Chemical reaction network

Chemical reaction network (CRN) is now a rather active field studying the kinetics and the thermodynamics of a system consisting of multiple species and reactions. Using statistical physical and chemical physical tools, people are now trying to understand these two aspects theoretically. Moreover, the bridge between these two angles is always an interesting topic to investigate.

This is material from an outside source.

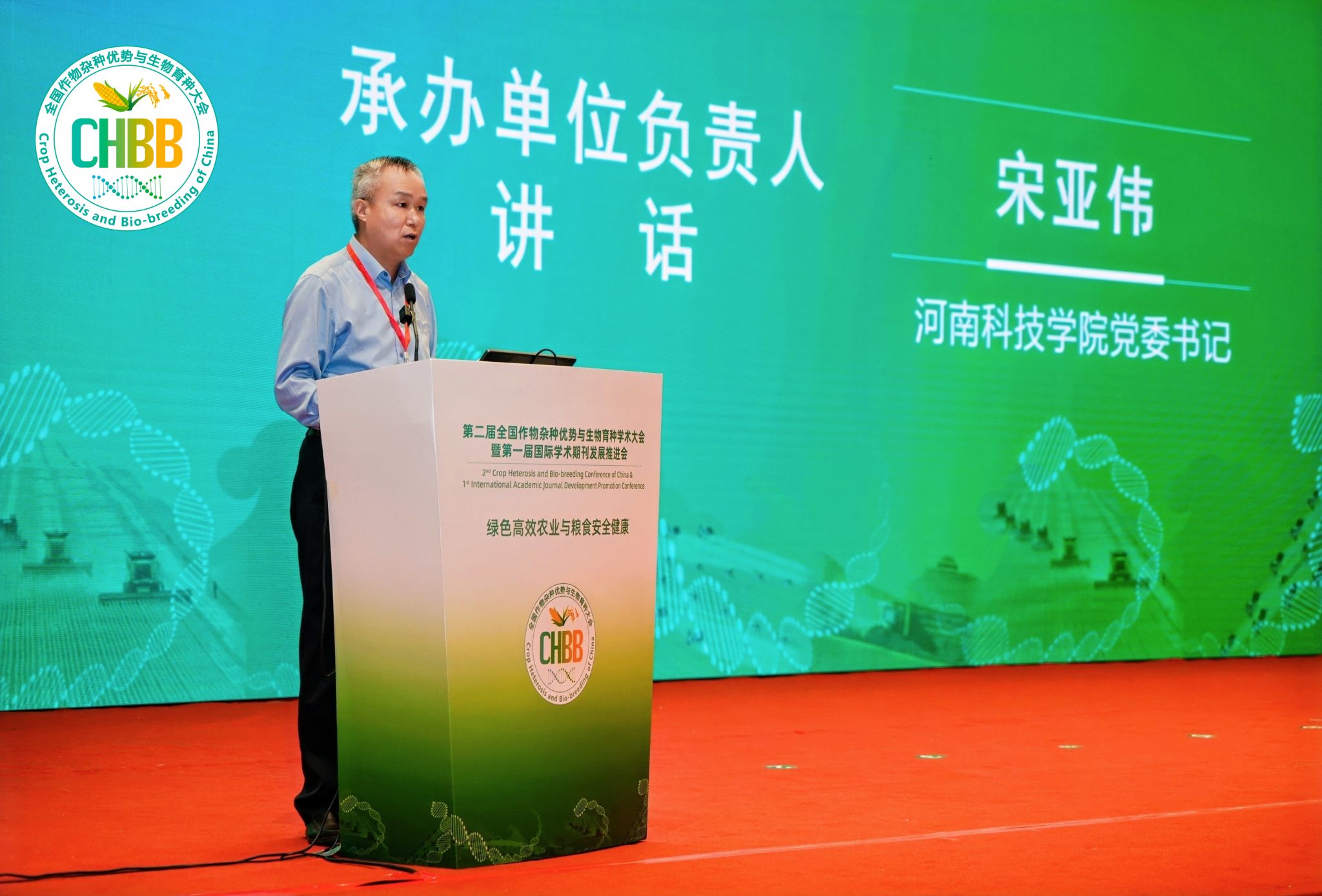 会上,校党委书记宋亚伟代表学校致辞,他向各位参会专家表示最热烈的欢迎和最诚挚的感谢!并表示我校作为联合承办方之一,将竭诚为各位嘉宾提供优质的服务和保障,确保本次大会的顺利进行。宋亚伟简要介绍了我校的发展历史、发展现状和近年来在作物新品种尤其是小麦新品种选育、推广应用等保障国家粮食安全方面取得的成绩。同时,他指出“河南科技学院”作为典型的地方院校,其发展离不开各位专家的指导,希望以此次大会为契机,加强彼此之间的合作与交流,为提升各类作物的生产水平、保障粮食安全、促进农业可持续发展、实现农业现代化、推进农业强国建设贡献智慧和力量!

However, the rigorous establishment of the proposed laws, the deeper insights into the potential mechanism as well as how these basic laws build up and formalize the phenomenon we see in the lab is still lacking. Recent developments mainly focus on the relation between the macroscopic model and the microscopic model since the advent of the quantum mechanics. But as the microscopic model will introduce too much variables. A moderate version is always preferred, then mesoscopic model becomes the link between these two models. This is where probability and multiscale theory emerge and can be applied to make the theory more rigorous and complete.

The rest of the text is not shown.